Zuluaga, a right-wing candidate who has attacked President Santos for attempting peace talks with the Revolutionary Armed Forces of Colombia (FARC), a 50-year-old terrorist group, defeated Santos by almost 500,000 votes Sunday. Candidates must win the general election by 50% plus one vote to prevent a runoff between the top two candidates, however, which Zuluaga did not achieve. Zuluaga received 29.25% of the vote, with Santos receiving 25.69%. 

Conservative Party candidate Marta Lucía Ramírez received 15.52%, placing her in third place, while the bottom two presidential candidates were on the left: Democratic Alternative candidate Clara López with 15.25% and Enrique Peñalosa, Green Aliance candidate, with 8.3% of the vote.

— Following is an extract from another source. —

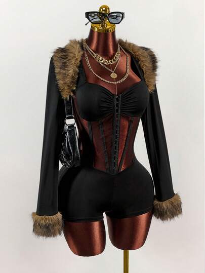Amplova 女士网眼拼接透视紧身衣,性感毛茸茸拼接长袖,适合日常穿着,约会,新年,纯色拼接皮草时尚服装,秋冬

Their voters will now become the target audience for Zuluaga and Santos as they head to a run-off.

Both frontrunner presidential candidates have faced controversies during the course of the election cycle. The discovery of a hacker stealing confidential communications from the FARC peace talks led directly to the online publication of a video in which Zuluaga and his campaign staff can be seen and heard discussing campaign work with the hacker. Santos, meanwhile, has been under constant verbal assault from his predecessor. Uribe, who endorsed Zuluaga, despite both candidates having served in his cabinet, accused Santos of funding his 2012 presidential campaign with drug money. The allegations stemmed from an unverified claim that Santos’ campaign manager, famed Venezuelan political strategist Juan José Rendón, received $12 million from a drug lord to help negotiate the least-painful means of surrender to the United States government. Rendón resigned from his position on the campaign, a move Santos called “gallant,” and Venezuela–where Rendón’s conservative politics are anathema–began proceedings to extradite him over the claim.

With the defeat of the FARC the biggest issue of the campaign, Uribe has become a towering figure in the campaign, and many credit his support of Zuluaga with his impressive election results. Uribe, along with U.S. Special Forces CIA under the Bush administration, is credited with bringing American counterterrorism strategies to Colombia and crippling the terror group to the point that most FARC leaders have fled to Cuba, a U.S.-designated State Sponsor of Terrorism that has for decades harbored FARC members.

Sixty percent of Colombian voters abstained from voting during this round of elections, which adds to the pool of voters attracted to other candidates a significant population that must be persuaded to vote at all. Colombians return to the polls on June 15.